10 up, 10 down = 5.0
50 up, 50 down = 25.0
100 up, 0 down = 100.0
70 up, 30 down = 49.0
2 up, 1 down = 1.3333
10 up, 20 down = 3.3333
This removes some bias due to the time, but does not remove from the game the idea that a lot of votes are still an hint of interest. Ah, and the math is trivial ;)
Note that this is just the vanilla formula, you can simply alter the weight of the different parameters changing a bit the math.
Useless to say that this is only the first step to get the actual sorting. You may not want to order by score, but by rank, where rank is something like that (if the items you are sorting must be fresh):
up down score
100 100 50
20 0 20
100 200 33
100 300 25
100 400 20
Wouldn't you want a comment with 20 upvotes and no downvotes to rank above a comment with 100 upvotes and 300 downvotes? It gets even worse for higher numbers:
You can change this factor just modifying a bit the equation. In the vanilla version the amount of votes play a very important role indeed, but it's simple to hack it in order for avoid this problem. For instance using the logarithm instead of do everything linear like I did.
this still doesn't solve the problem of "newer" comments staying at the bottom of the list and never getting the chance to gain traction no matter how good they are.
to solve this is not hard mixing the time factor inside. "hot" is using this algorithm but it sucks because in a thing like comments you want to add a "barrier", that is, for the first 24 hours time will do his work, but will affect the rating less as the whole discussion gets older.
won't modifying the rank by mixing in a time factor make comments with a good score move away from the top over time even if they still have a good score? while the math is trivial with your suggestion, it tends to be biased in favor of volume of upvotes (regardless of the ratio of upvote/downvote), then biased in favor of new comments (again, regardless of upvote/downvote relevance)? while this will solve sorting requirements for some applications, it's not really solving the problem that most comment voting systems have where volume of votes is rewarded over quality and/or newer comments are never positioned well enough to gain any traction over comments posted in the first hour. if you end up hacking your formulas a lot to fix these shortcomings wouldn't it be just as easy to say the problem is not trivial and then leverage the complicated but statistically sound formula suggested by the author?

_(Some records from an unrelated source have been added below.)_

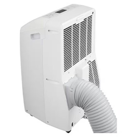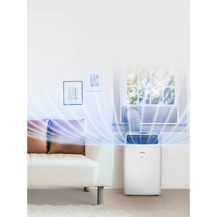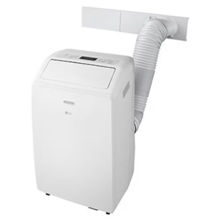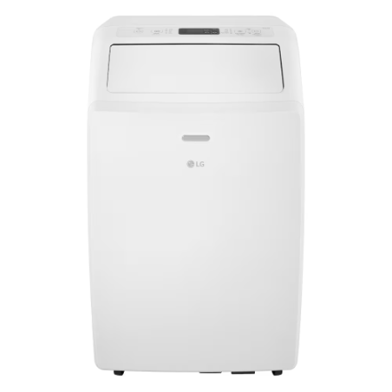 The LG Electronics 10,000 BTU (DOE/SACC) Portable Air Conditioner with LCD remote features a dehumidification mode that removes up to 3.1 pt. of moisture from the air per hour. Equipped with casters that allow for easy movement to the spaces that need chilling. This portable AC unit also includes a LCD remote control for easy temperature, fan speed and timer adjustments from across the room. This quiet machine (54 dBA) also features an oscillating air vent that automatically circulates cool air evenly to eliminate hot spots.
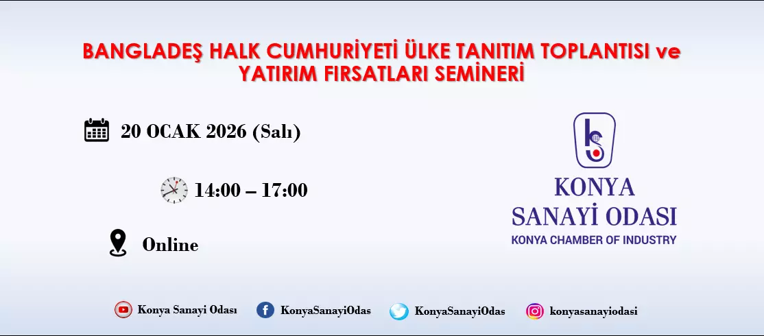 Konya Sanayi Odası olarak, Bangladeş Konya Fahri Konsolosu iş birliğiyle, 20 Ocak 2026 Salı saat: 11:00-12:0’da Bangladeş’teki yatırım fırsatlarının ele alınacağı “BANGLADEŞ ÜLKE TANITIM TOPLANTISI ve YATIRIM FIRSATLARI SEMİNERİ” düzenlenecektir. Seminer dili İngilizcedir. Türkçe çeviri desteği sağlanacaktır.
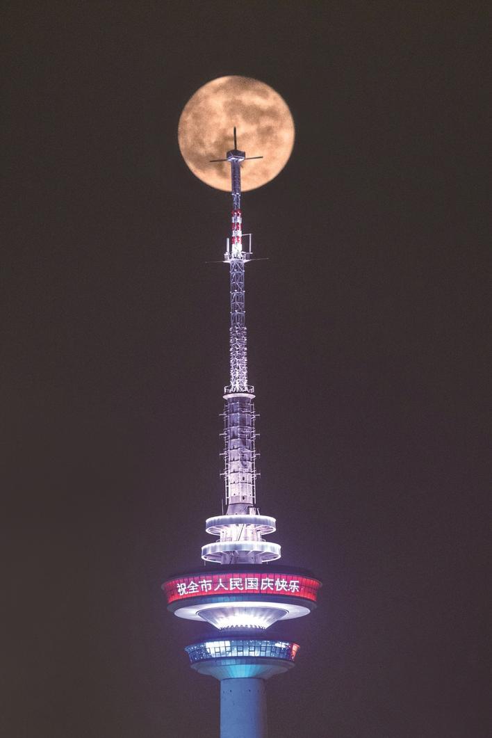 ▲中秋夜,一轮圆月升起,与南通电视塔合影(二次曝光)。 孔玮

yes, I think your point is correct but what I don't like the concepts behind the reddit new formula, because I really think that 100 upvotes and 30 downvotes are really different than 10 upvotes and 3 downvotes. Also time should absolutely appear in the equation in my opinion in the kind of discussion site like reddit or HN, since new comments, if as good as old comments, should be able to go up. And in this latest trick there is in my opinion the best way to avoid stagnation leading to the same top comments being voted up and up again. I'll experiment a bit about this issue, since I'm very interested in this issues. I happen to run oknotiize.virgilio.it that's the main social news site in Italy, and while we have voting on comments we currently use a chronological sorting. The votes are just used to colour the background red or green. Now I want to add sorting so I'll try to design an algorithm having the following goals:
a) time matters, so good old comments tend to go down, but this only happens in the first 24/48 hours, in the long run everything is much more ordered by score.

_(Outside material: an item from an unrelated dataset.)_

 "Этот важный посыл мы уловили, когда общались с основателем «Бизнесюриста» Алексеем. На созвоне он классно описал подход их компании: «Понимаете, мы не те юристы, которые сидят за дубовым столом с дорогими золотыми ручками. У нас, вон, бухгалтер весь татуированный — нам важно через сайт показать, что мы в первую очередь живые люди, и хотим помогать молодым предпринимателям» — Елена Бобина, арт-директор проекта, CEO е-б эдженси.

b) the score of a comment is roughly up/down but it tends to get better with more votes.
c) still much better a/b ratios tend to win against other comments having a lot of comments. For instance a 100 up and 50 down will win against a 10 up and 5 down in a strong way, but will be more or less the same score as a 15 up and 5 down.
before you go reinventing the wheel, here are the results from running your examples through the formula suggested by Evan Miller in the link...

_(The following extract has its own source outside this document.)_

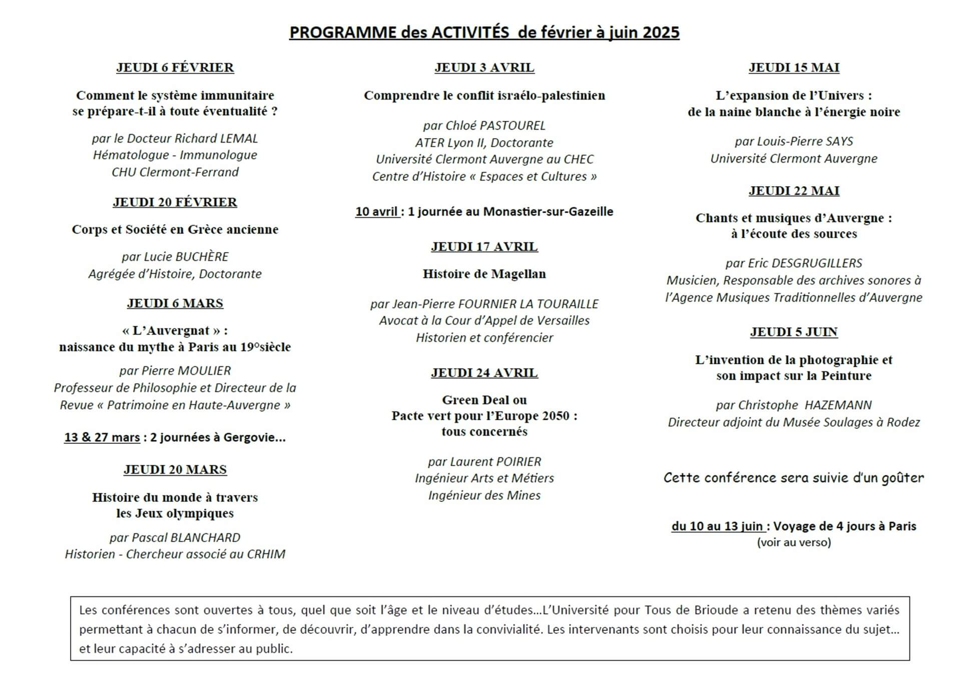 L'Université pour Tous de Brioude présente son programme de février à juin 2026 : 10 conférences sur des sujets variés (écologie, histoire locale, sciences...), le jeudi de 14h30 à 16h30, à la Halle aux Grains.

10 up 10 down 0.327403766068315
50 up 50 down 0.418847795168265
100 up 0 down 0.973657278603792
70 up 30 down 0.620167865061336
2 up 1 down 0.253533865071156
10 up 20 down 0.210836926288844
and a few more to see some other interesting cases...
100 up 30 down 0.703333001615963
10 up 3 down 0.541934244292211
30 up 100 down 0.175849385303401
1 up 0 down 0.269865944074627
1 up 1 down 0.120866317496523
2 up 0 down 0.425030603165412
100 up 0 down 0.973657278603792
100 up 100 down 0.442235043128361
200 up 0 down 0.986652839030471
as you can see. as there are more votes cast, the confidence that this represents the ultimate ranking improves. with less votes, a high up/down ratio is good, but not as good as a high up/down ratio with more total votes (because there is more statistical confidence with more data points).
finally below are the test cases that broke your initial implementation.
That isn't a very good sorting measure. It simply means you were the first one to comment.
You can game Hacker News currently this way. If there is already comments in a topic, don't start a new thread, instead reply to the top thread no matter what they said. You will get more replies and more votes.
but only for a lot of second-level children, not children of one reply. reddit's stupid pun threads usually have one reply after another as a staircase instead of many replies to one quality comment.
i always liked gnus usage of scoring individual news articles by either subject/author etc etc. having that would be really nice.
just allow folks to score whatever/whoever they feel like, rather than foisting your version of 'goodness' on others. make low scoring articles fade into the background...
I hope this can lead to more long lasting discussions. Sometimes I find a thread late and want to add something but it seems pointless when the last comments were added more than a day ago. I think this site could be better if there was a way to keep having the threads active and maybe summarized and condensed every so often.